DATA SECTION
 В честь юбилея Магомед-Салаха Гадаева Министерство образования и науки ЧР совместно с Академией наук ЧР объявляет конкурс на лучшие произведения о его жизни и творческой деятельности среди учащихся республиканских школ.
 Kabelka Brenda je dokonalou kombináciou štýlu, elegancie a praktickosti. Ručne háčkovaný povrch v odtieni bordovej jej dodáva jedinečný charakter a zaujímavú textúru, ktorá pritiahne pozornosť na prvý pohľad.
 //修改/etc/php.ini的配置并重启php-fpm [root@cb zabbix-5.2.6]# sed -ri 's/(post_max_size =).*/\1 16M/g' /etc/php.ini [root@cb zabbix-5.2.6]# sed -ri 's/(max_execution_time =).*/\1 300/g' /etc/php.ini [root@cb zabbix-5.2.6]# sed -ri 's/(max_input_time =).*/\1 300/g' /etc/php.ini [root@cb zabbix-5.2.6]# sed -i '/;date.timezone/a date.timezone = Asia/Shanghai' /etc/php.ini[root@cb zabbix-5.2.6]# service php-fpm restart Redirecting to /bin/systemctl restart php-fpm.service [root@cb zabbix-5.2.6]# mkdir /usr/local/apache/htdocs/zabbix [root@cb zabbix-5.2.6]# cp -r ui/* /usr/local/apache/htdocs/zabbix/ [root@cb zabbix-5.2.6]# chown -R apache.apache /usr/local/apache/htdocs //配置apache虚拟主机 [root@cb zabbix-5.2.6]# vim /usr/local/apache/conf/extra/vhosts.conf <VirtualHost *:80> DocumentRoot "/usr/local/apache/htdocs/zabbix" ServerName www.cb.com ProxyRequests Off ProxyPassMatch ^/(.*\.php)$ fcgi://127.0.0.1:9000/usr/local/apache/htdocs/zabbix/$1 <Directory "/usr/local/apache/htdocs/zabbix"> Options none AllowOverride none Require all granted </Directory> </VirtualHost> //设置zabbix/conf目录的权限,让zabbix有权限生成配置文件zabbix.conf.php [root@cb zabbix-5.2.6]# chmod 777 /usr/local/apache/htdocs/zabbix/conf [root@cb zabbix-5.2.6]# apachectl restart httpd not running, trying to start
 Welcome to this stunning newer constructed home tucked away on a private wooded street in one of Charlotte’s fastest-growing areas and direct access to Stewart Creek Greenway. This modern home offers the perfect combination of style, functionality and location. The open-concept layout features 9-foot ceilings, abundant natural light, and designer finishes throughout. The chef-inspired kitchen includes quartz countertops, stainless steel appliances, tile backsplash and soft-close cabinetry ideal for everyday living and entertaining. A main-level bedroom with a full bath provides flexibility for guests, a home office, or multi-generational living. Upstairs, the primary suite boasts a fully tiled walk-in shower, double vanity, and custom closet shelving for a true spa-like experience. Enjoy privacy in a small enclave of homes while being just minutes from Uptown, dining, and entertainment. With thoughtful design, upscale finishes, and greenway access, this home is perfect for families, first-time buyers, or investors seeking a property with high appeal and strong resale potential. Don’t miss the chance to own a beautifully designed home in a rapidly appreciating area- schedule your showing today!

YOUR INSTRUCTIONS
The output must reproduce the whole listing without a single change.

EXERCISE ANSWER
 В честь юбилея Магомед-Салаха Гадаева Министерство образования и науки ЧР совместно с Академией наук ЧР объявляет конкурс на лучшие произведения о его жизни и творческой деятельности среди учащихся республиканских школ.
 Kabelka Brenda je dokonalou kombináciou štýlu, elegancie a praktickosti. Ručne háčkovaný povrch v odtieni bordovej jej dodáva jedinečný charakter a zaujímavú textúru, ktorá pritiahne pozornosť na prvý pohľad.
 //修改/etc/php.ini的配置并重启php-fpm [root@cb zabbix-5.2.6]# sed -ri 's/(post_max_size =).*/\1 16M/g' /etc/php.ini [root@cb zabbix-5.2.6]# sed -ri 's/(max_execution_time =).*/\1 300/g' /etc/php.ini [root@cb zabbix-5.2.6]# sed -ri 's/(max_input_time =).*/\1 300/g' /etc/php.ini [root@cb zabbix-5.2.6]# sed -i '/;date.timezone/a date.timezone = Asia/Shanghai' /etc/php.ini[root@cb zabbix-5.2.6]# service php-fpm restart Redirecting to /bin/systemctl restart php-fpm.service [root@cb zabbix-5.2.6]# mkdir /usr/local/apache/htdocs/zabbix [root@cb zabbix-5.2.6]# cp -r ui/* /usr/local/apache/htdocs/zabbix/ [root@cb zabbix-5.2.6]# chown -R apache.apache /usr/local/apache/htdocs //配置apache虚拟主机 [root@cb zabbix-5.2.6]# vim /usr/local/apache/conf/extra/vhosts.conf <VirtualHost *:80> DocumentRoot "/usr/local/apache/htdocs/zabbix" ServerName www.cb.com ProxyRequests Off ProxyPassMatch ^/(.*\.php)$ fcgi://127.0.0.1:9000/usr/local/apache/htdocs/zabbix/$1 <Directory "/usr/local/apache/htdocs/zabbix"> Options none AllowOverride none Require all granted </Directory> </VirtualHost> //设置zabbix/conf目录的权限,让zabbix有权限生成配置文件zabbix.conf.php [root@cb zabbix-5.2.6]# chmod 777 /usr/local/apache/htdocs/zabbix/conf [root@cb zabbix-5.2.6]# apachectl restart httpd not running, trying to start
 Welcome to this stunning newer constructed home tucked away on a private wooded street in one of Charlotte’s fastest-growing areas and direct access to Stewart Creek Greenway. This modern home offers the perfect combination of style, functionality and location. The open-concept layout features 9-foot ceilings, abundant natural light, and designer finishes throughout. The chef-inspired kitchen includes quartz countertops, stainless steel appliances, tile backsplash and soft-close cabinetry ideal for everyday living and entertaining. A main-level bedroom with a full bath provides flexibility for guests, a home office, or multi-generational living. Upstairs, the primary suite boasts a fully tiled walk-in shower, double vanity, and custom closet shelving for a true spa-like experience. Enjoy privacy in a small enclave of homes while being just minutes from Uptown, dining, and entertainment. With thoughtful design, upscale finishes, and greenway access, this home is perfect for families, first-time buyers, or investors seeking a property with high appeal and strong resale potential. Don’t miss the chance to own a beautifully designed home in a rapidly appreciating area- schedule your showing today!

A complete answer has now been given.